Now, let's calculate the x-component of this force:

\[
F_x = \frac{F}{2}
\]

Let me compute that for you.The x-component of the force that \( q_1 \) exerts on \( q_4 \) is approximately \( 0.0206 \, \text{N} \).

Would you like any further details or clarification?

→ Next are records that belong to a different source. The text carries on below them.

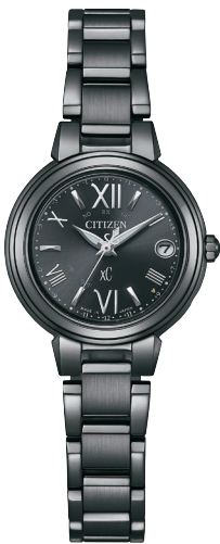
NEW 8月発売予定 限定モデル 1,000本 ES9435-69E ¥71,500 (税抜価格¥65,000)

Cal. H060 ケース:ステンレス デュラテクトプラチナ(一部めっき) (ライトシルバー色・ピンクゴールド色) 厚み:7.2mm／横幅:24.9mm ガラス:サファイアガラス(無反射コーティング) 防水性能:5気圧防水 耐磁1種／夜光 シンプルアジャスト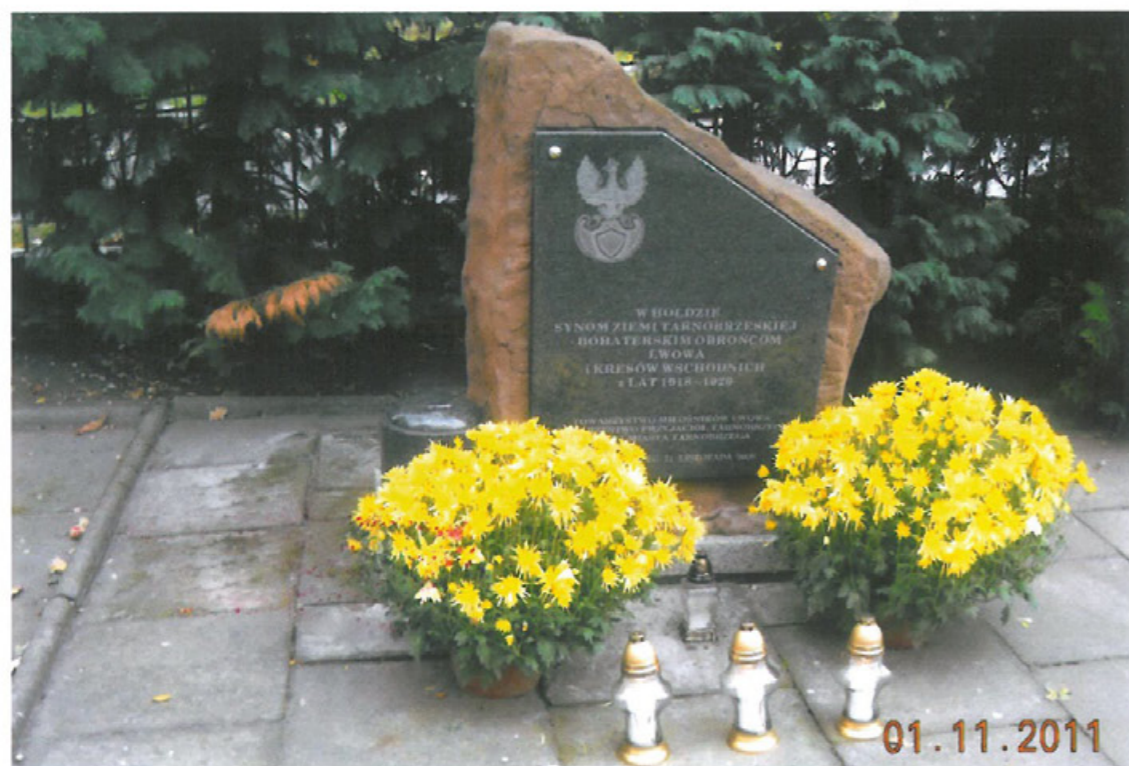
Dzień Wszystkich Świętych – obelisk poświęcony synom Ziemi Tarnobzeskiej walczącym i poległym w obronie Lwowa i Kresów Południowo-Wschodnich w latach 1918–1920.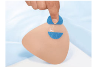
1046XV Sequitex Vario – Ausgleichsschale mit Haft- pads, alternativ auch ohne Haftpads im Spezial-BH von Anita tragbar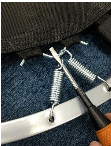
①ドライバーを内側から外側に通します。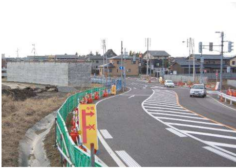
▲ 刈谷田川改修事業が進むにつれ移りゆく町並み(大橋付近)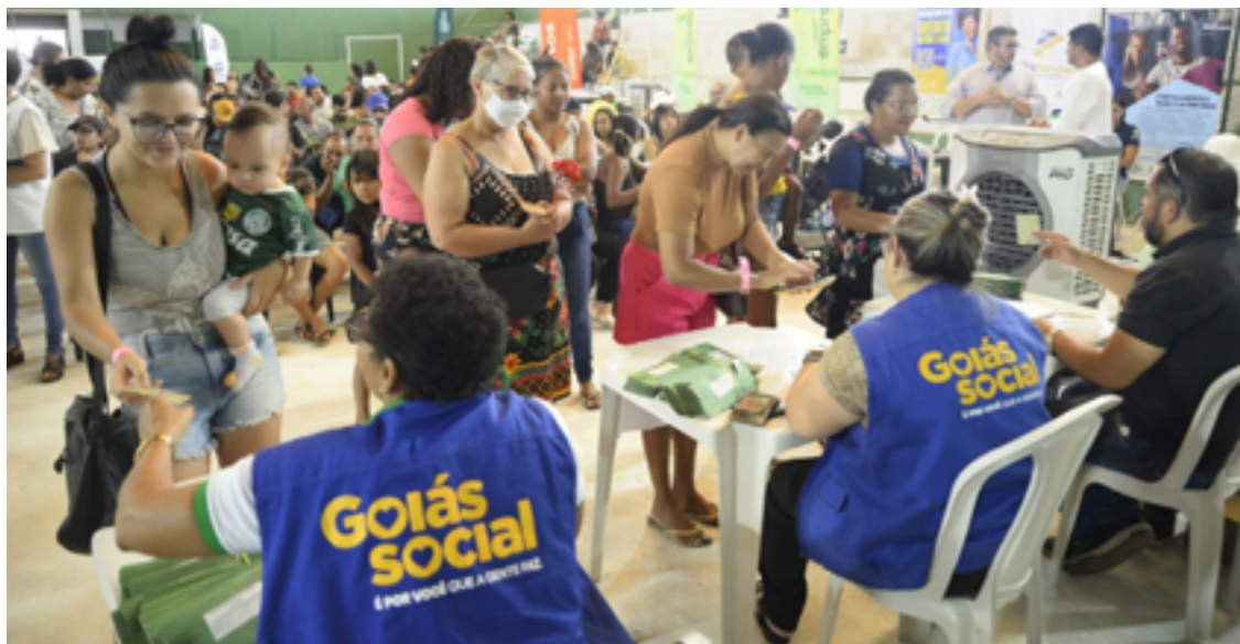
População de Acreúna terá acesso a vários serviços do Goiás Social, além das entregas dos cartões do Mães de Goiás e Dignidade — Foto: Reprodução.

Outros serviços serão oferecidos por várias secretarias de Estado. São elas: Esporte e Lazer (Seel), Indústria, Comércio e Serviços (SIC), Saúde (SES), Administração (com o Vapt-Vupt), Segurança Pública (SSP)/Polícia Civil, Retomada, OVG, Agehab, Emater e Defensoria Pública.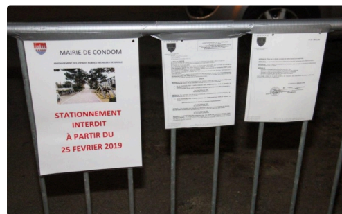
La signalétique déjà en place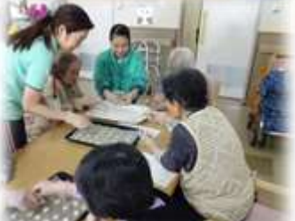
グリーンビラ夜久野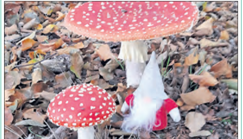
‘Kabouters bestaan! Gespot op de Holle Bilt’ door Thea Haks.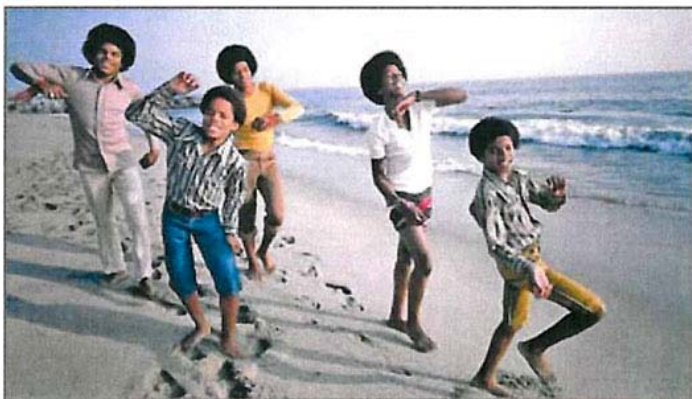
Los hermanos Jackson, de los Jackson Five, en una playa californiana.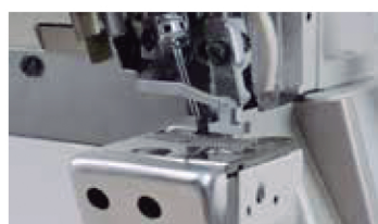
Sistema de transporte do calçador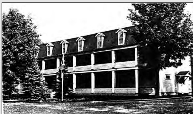
Gallagher's Hotel in the 50's, now a parking lot in Philipsburg

Back in the fifties, the town of Philipsburg was a great place to be. Everything was booming. There was a marble quarry that employed between 150 to 200 people.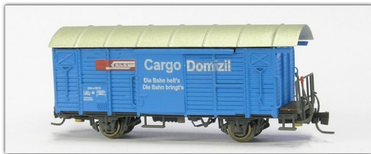
Nm-014.3: RhB gedeckter Güterwagen, blau, Cargo Domicil, Gbk-v 5501 ff.

Gbk-v 5504 Gbk-v 5513 Gbk-v 5517 Gbk-v 5510 Gbk-v 5515 Gbk-v 5526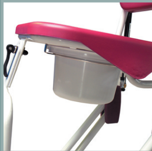
Seau avec rails de guidage.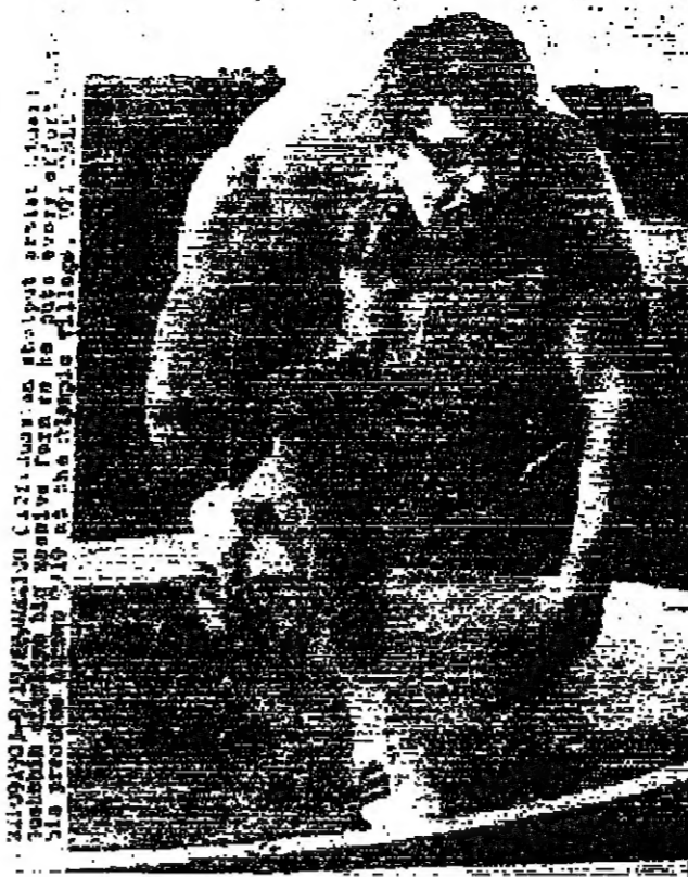
اللاعب الروسي ادوارد غوميشين يبرهن قوته الجنبية الهائلة خلال تدريباته على رمي الجلة في مدينة الألعاب الأولمبية في المكسيك

رئاسة اركان الجيش العربي بحلجة الى لوزان سلكية ، فعلى المعهدين الراغبين بدخول المناقصات الرجاء قيادة سلاح اللامسلكي الملكي في رئاسة الأركان واتناء ساعات الدوام الرسمي للإطلاع على المواد المطلوبة . يقبل التناقصات من اليوم وحتى الساعة التاسعة من صباح يوم الثلاثاء الموافق ٢٤ تشرين أول ١٩٦٨ .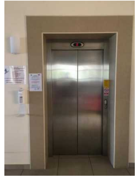
Dvigalo Dom starejših Prebold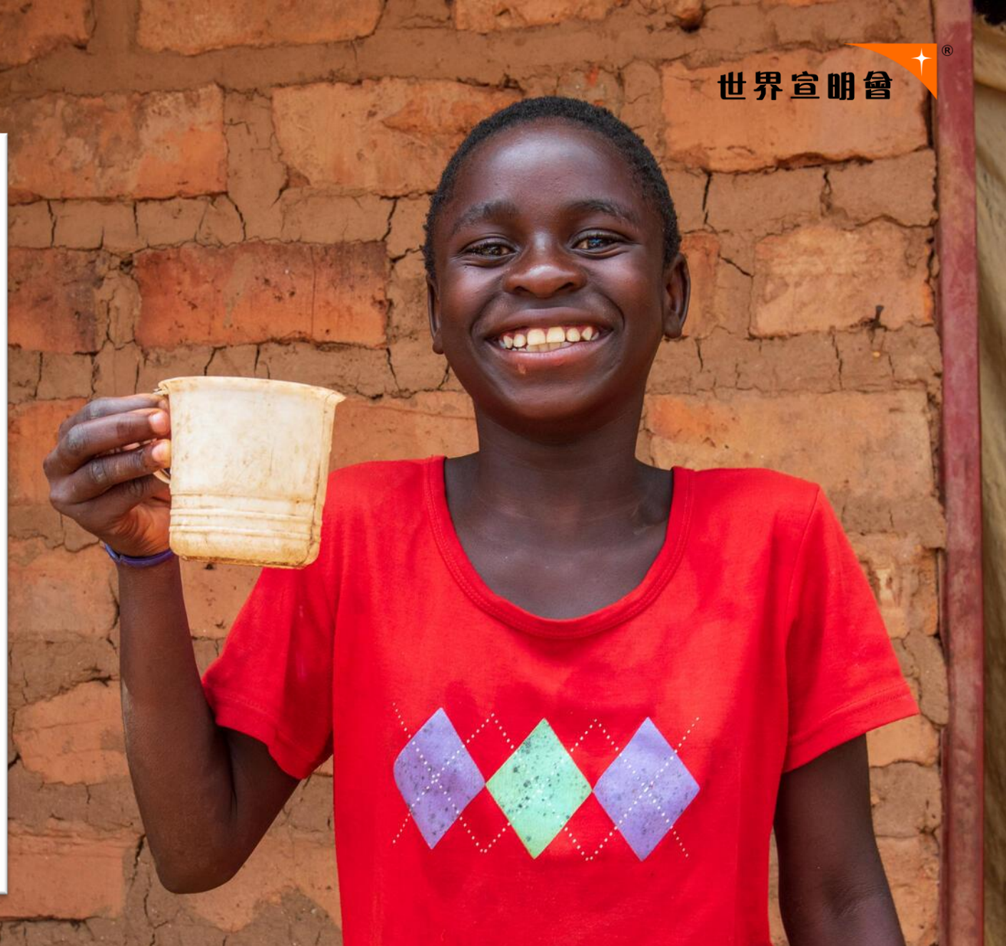
宣明會在村內興建的水喉，令德比和大姐姐可以享用清潔食水。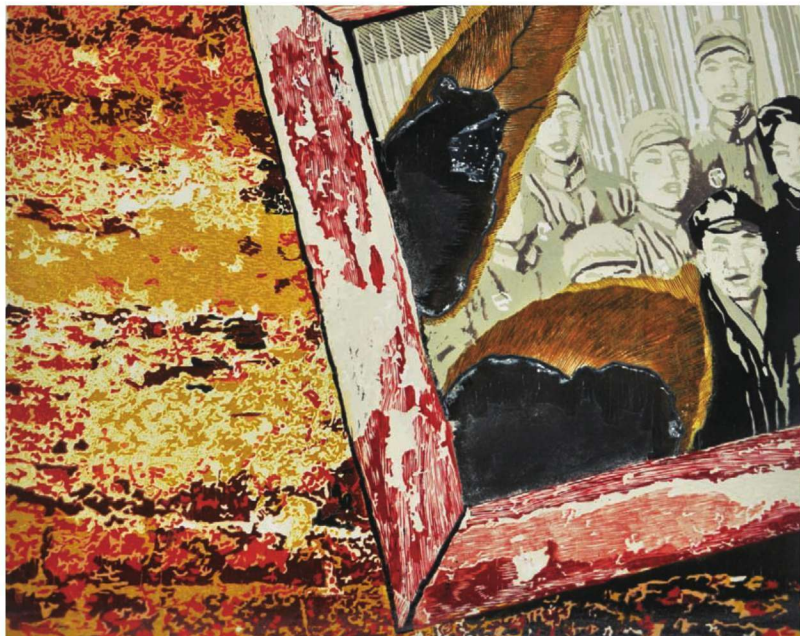
作品名称：《燃情岁月》 作者：孙佳兴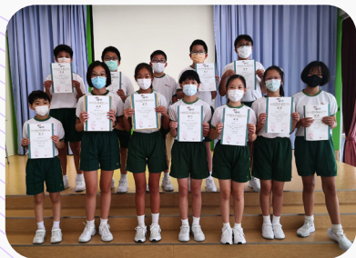
▲6B班獲得卓越成績的同學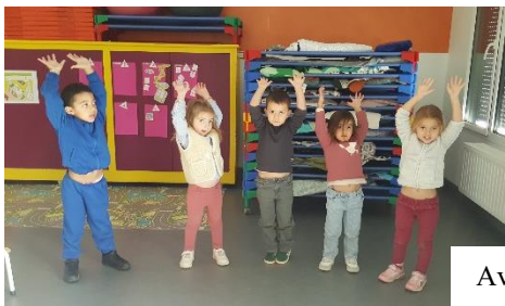
Avec notre corps

Nous avons aussi appris à tracer des lignes verticales :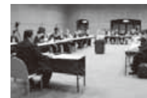
実施計画書を審議する委員

平成26年度開通予定の舞鶴若狭自動車道にスマートインターチェンジ(※)を設置しようと、関係機関との協議を進めるため、2月18日にプラザ萬象で地区協議会が開催されました。 初めてとなる今回の協議会では、設置に必要な実施計画書を策定。今後は実現に向けて具体的な手続きを進めるとともに、国への要望活動などを行っていきます。 ※スマートインターチェンジ ...ETC専用の簡易型インターチェンジ

Here are 5 related questions for further exploration:
1. What is the y-component of the force \( q_1 \) exerts on \( q_4 \)?
2. What is the net force on \( q_4 \) due to all three charges \( q_1 \), \( q_2 \), and \( q_3 \)?
3. How does the force change if \( q_4 \) is moved closer to one of the charges?
4. What is the potential energy of the system due to these four charges?
5. How would the force change if the charges were doubled?

**Tip:** When dealing with forces in a symmetrical arrangement, breaking them into components can significantly simplify the calculation.

Three charges q1 = 77.3 nC, q2 = 95.5 nC, q3 = 94 nC are arranged on the vertices of an equilateral triangle with side length 0.024 m. A fourth charge q4 = 11.4 nC is placed at the center of the triangle. (Remember that for an equilateral triangle of side length L, the distance between a vertex and the center of the triangle is (√3)/(3)). Give all answers to three significant figures. The angle at q1 is 60 degrees. What is the x component of the force q1 exerts on q4?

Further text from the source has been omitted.